# Char sui bao



## nicklord1 (Mar 20, 2010)

Hi i have a few questions about this dish,   say i make 1lb of bq pork on tuesday then put it in the fridge and make   the buns  the following day can you freeze the buns  until you need and when they they are defrosted  resteam them. Is it safe to do this with pork as effectively you would have cooked it 3 times ,  1st to make the  bbq pork , then to steam initally , then steamed again after defrosted ,  should i instead  freeze the buns straight after they are made.


----------



## Chopstix (Mar 21, 2010)

We often buy dozens of freshly steamed char siu bao from a great source (being out of the way in Chinatown) and freeze them.  When we want them, we just pull them out from the freezer, let them thaw overnight in the fridge, and steam.  No problem.  (If you keep the char siu bao in the fridge a few days instead of freezing them, the meat develops an off flavor.)

I would suggest you steam them initially before freezing the batch.


----------



## nicklord1 (Mar 21, 2010)

How would you heat them up after you thaw them


----------



## Chopstix (Mar 22, 2010)

Steaming is the answer.  I use the rice cooker.  Or you can use other types of equipment to steam.

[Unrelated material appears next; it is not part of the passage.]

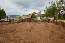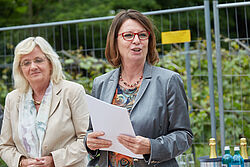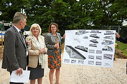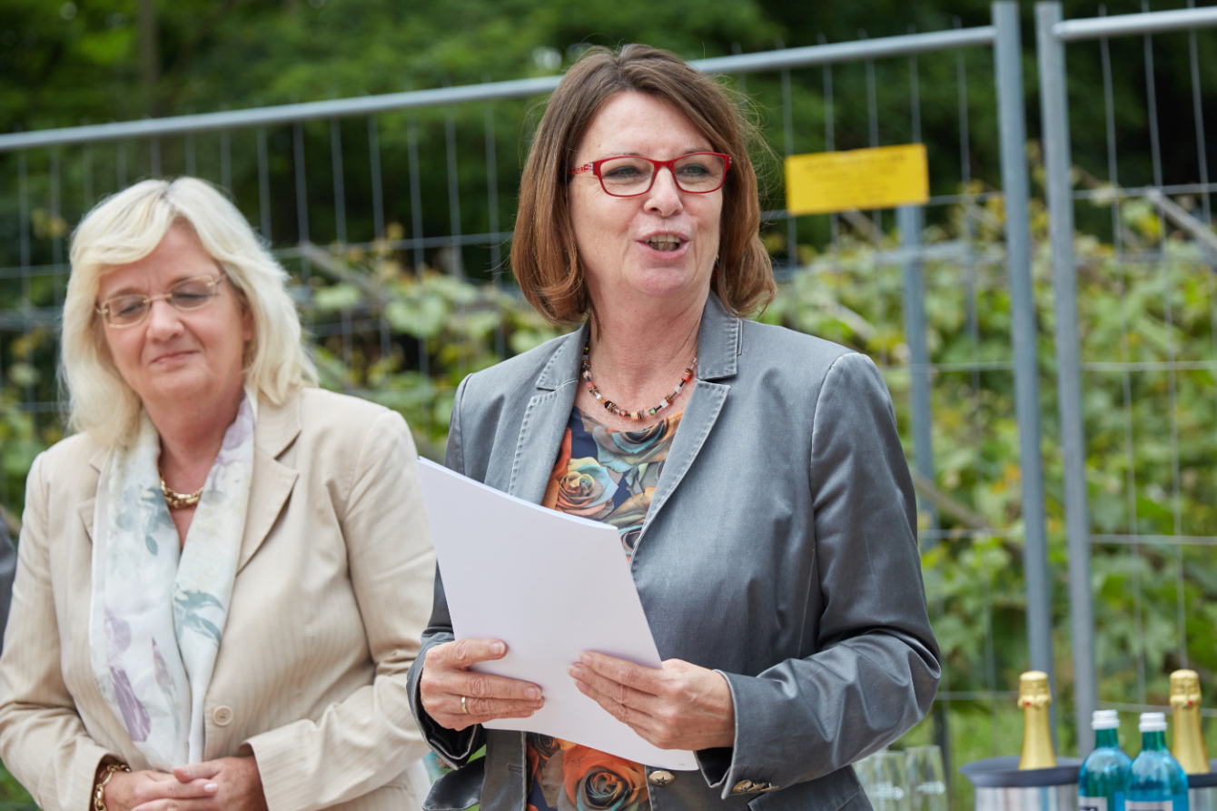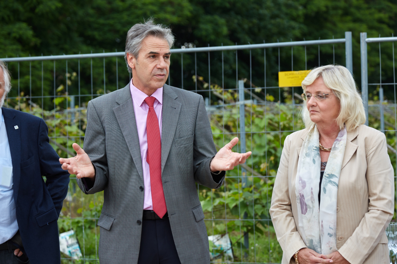 Prominenter Besuch auf der Baustelle des künftigen Studierendenwohnheims im Eibinger Weg: Priska Hinz, Hessische Staatsministerin für Umwelt, Klimaschutz, Landwirtschaft und Verbraucherschutz, besichtigte zusammen mit Hochschul-Präsident Prof. Dr. Hans Reiner Schultz, Geisenheims Bürgermeister Frank Kilian und Konrad Zündorf, Geschäftsführer des Studentenwerks Frankfurt am Main, die Baustelle. Hinz überreiche dabei auch den Förderbescheid des Landes Hessen.

Good luck!  Don't oversteam or the exterior of your buns will turn brownish.


----------



## 97guns (Apr 1, 2010)

they freeze well


----------



## Claire (May 1, 2010)

Reading this brought back happy memories.  When we lived in Hawaii, someone at work would regularly make a run for lunch for manapua (the local dialect for these buns) and we would all chow down.  I can't imagine trying to make them myself!


----------